Point $P$ lies inside a triangle $ABC$. Let $D,E$ and $F$ be reflections of the point $P$ in the lines $BC,CA$ and $AB$, respectively. Prove that if the triangle $DEF$ is equilateral, then the lines $AD,BE$ and $CF$ intersect in a common point.
Problem
Source: Pan African Olympiad 2009
Tags: geometry, geometric transformation, reflection, geometry proposed
Luis González
01.10.2011 19:17
Clearly, if DEF is equilateral, then the pedal triangle of P WRT ABC is also equilateral, i.e.
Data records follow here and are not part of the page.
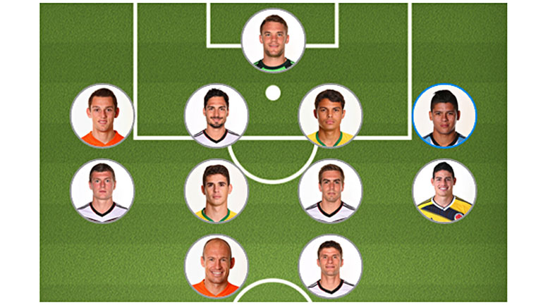 La FIFA public贸 el equipo ideal de la Copa del Mundo 2014, con algunas contradicciones que hacen dudar del sistema de selecci贸n de futbolistas que lo componen. Tal es el ejemplo de Lionel Messi, elegido por el ente rector del f煤tbol como el mejor futbolista del certamen, quien no figura en el once ideal, ni tampoco entre los mejores 10 de la Copa. El mejor para el 脥ndice Castrol fue el alem谩n Toni Kroos.
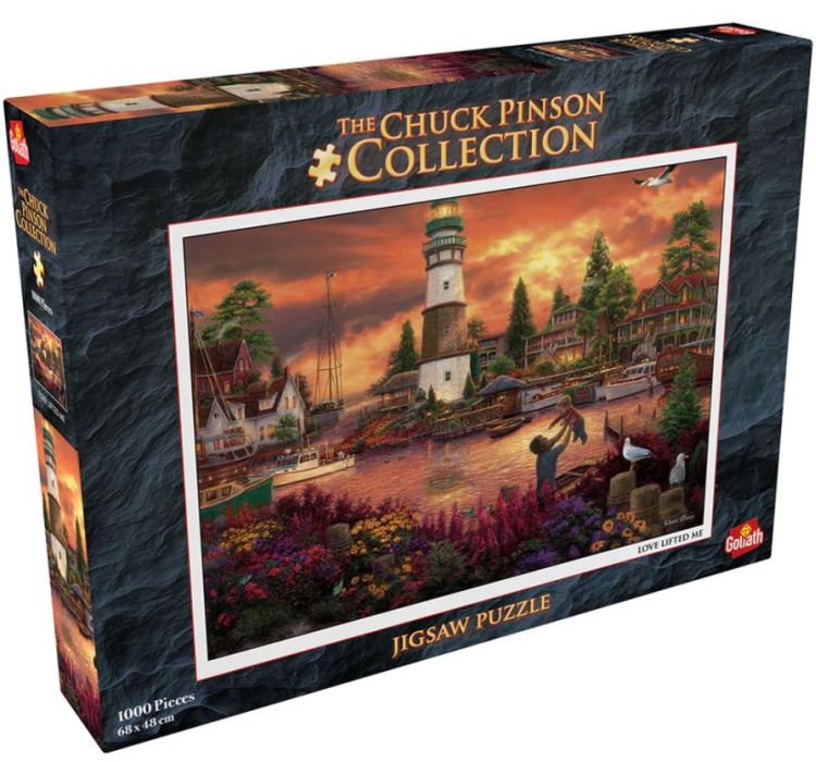 Puzzle Chuck Pinson - Dragoste pana la cer surprinde farmecul unui apus plin de emotie, unde farul vegheaza asupra tarmului si inimile se unesc sub cerul colorat. O imagine plina de speranta si frumusete, ideala pentru clipe de relaxare.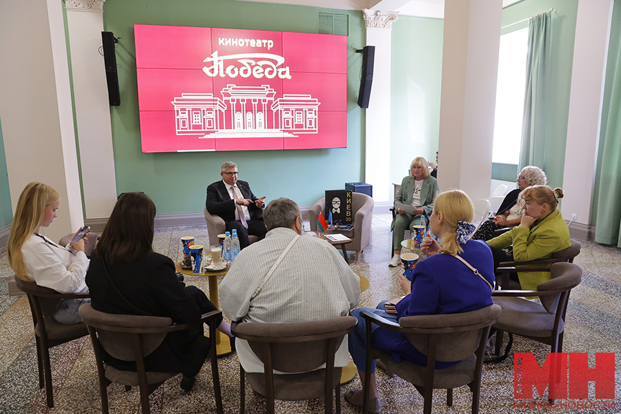 На встрече присутствовали также директор кинотеатра «Киев» Валентина Жорова и администратор кинотеатра «Победа» Светлана Савчик. Они показали знаковые фотографии, связанные с историей кино Минска, рассказали увлекательные истории о том, как кинотеатры становились центром притяжения культурной жизни столицы. Здесь горожане знакомились, общались — формировались семьи. Родители приводили детей в кино, а потом — и внуков.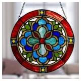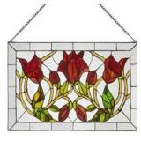 Red Floral Vines Traditional Multicolored Stained Glass Window Panel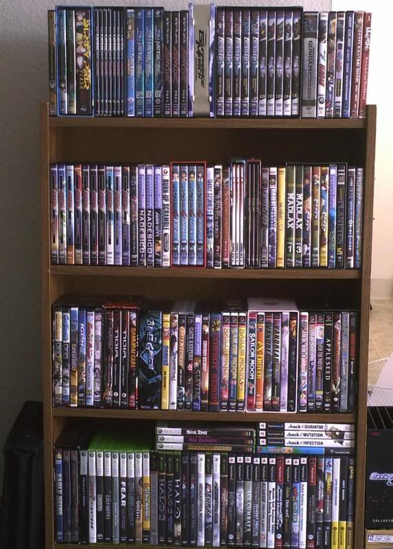 I don't have a photo of my anime DVD collection yet, but I write anime dvd reviews for a dvd site (I cover ADV and Funimation titles), so funimation and ADV send me random things all the time. Thus, my DVD collection is growing steadily with a small pile of new discs each month.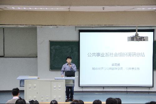 首先,公共事业专业崔高鹏老师上台宣讲。所谓术业有专攻,崔老师主要从事教育事业方面的公事管理。崔老师在台上就2015-2016学年公共事业专业所组织的”济南调研社会组织”-“ISD(爱山东)公益创新空间”及参与”踏瑞杯”社会工作多媒体案例开发大赛决赛暨颁奖仪式协同开展的”南京考察学习”活动做了展示。既体现了该专业的社会性,也体现了该专业的实践性,同时还丰富了参加这些活动的15级学生们的对社会公共事业的认知

P is an isodynamic point of ABC. Thus, according to the problem http://www.artofproblemsolving.com/Forum/viewtopic.php?f=47&t=304719, AD,BE,CF concur at the isogonal conjugate of P, namely a Fermat point of ABC. P.S. For a generalization, see Reflections of a point M.
r1234
04.05.2012 20:01
Since $\triangle DEF$ is equilateral we conclude that $P$ is the first Isodyanamic point of $\triangle ABC$.We will prove that $AD,BE,CF$ concur at the Fermat point of $\triangle ABC$ i.e at $P'$, the isogonal conjugate of $P$ wrt $\triangle ABC$.For this note that $D$ is isogonal conjugate of $A$ wrt $\triangle P'BC$.We know that $AP'$ bisects $\angle BP'C$.Hence $A,P'D$ are collinear. So done.
jred
13.03.2015 09:32
Wow, I don't know what it is " isodynamic point ", however this problem can be solved by some basic knowledge. Easily we see $AE=AP=AF$, and also $DE=DF$, thus $\triangle ADE$ is congruent to $\triangle ADF$, so we have $DA$ is the bisector of $\angle EDF$, similarily we get $BE, CF$ are bisectors of $\angle DEF, \angle DFE$ respectively. hence we know lines $AD,BE$ and $CF$ are concurrent at the incenter of $\triangle DEF$.